• Data below:
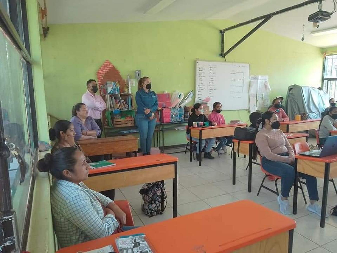 Actividad a cargo de Selina Juárez, Coordinadora de Salud Reproductiva de la Jurisdicción IV del municipio, en la Escuela Primaria "Constituyentes de 1917" en la comunidad de Ignacio Zaragoza II, mejor conocida como La Rastrera.
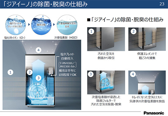 ここで、ジアイーノの除菌・脱臭の仕組みをおさらいしよう。ジアイーノは塩タブレットをトレーの水に注入して、電気分解することで次亜塩素酸水溶液を生成する。F-MV4300とF-MV2300では、塩タブレットが自動投入されるので、補充は半年に1回程度でよくなった。
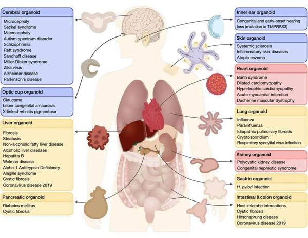 目前3D类器官培养技术已经成功培养出大量具有部分关键生理结构和功能的类组织器官,比如:皮肤、心脏、肾脏、肝脏、肺、小肠、大脑、胃、胰腺、内耳等。不仅包括正常器官组织类器官,还有相应肿瘤组织类器官。
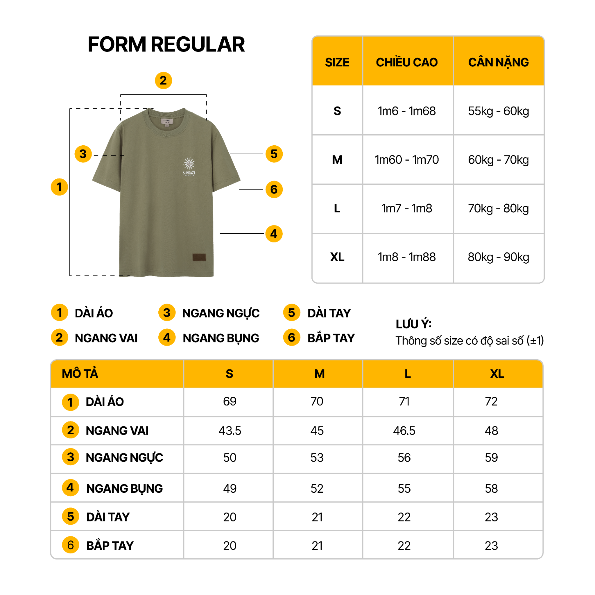 | Dài áo (cm) | 68 | 69 | 70 | 71 |

• Activity: Pictures excluded, give again exactly and only the lines of the material above from the line with "ここで、ジアイーノの除菌・脱" through the line with "目前3D类器官培养技术已经成".

• Written answer:
 ここで、ジアイーノの除菌・脱臭の仕組みをおさらいしよう。ジアイーノは塩タブレットをトレーの水に注入して、電気分解することで次亜塩素酸水溶液を生成する。F-MV4300とF-MV2300では、塩タブレットが自動投入されるので、補充は半年に1回程度でよくなった。
 目前3D类器官培养技术已经成功培养出大量具有部分关键生理结构和功能的类组织器官,比如:皮肤、心脏、肾脏、肝脏、肺、小肠、大脑、胃、胰腺、内耳等。不仅包括正常器官组织类器官,还有相应肿瘤组织类器官。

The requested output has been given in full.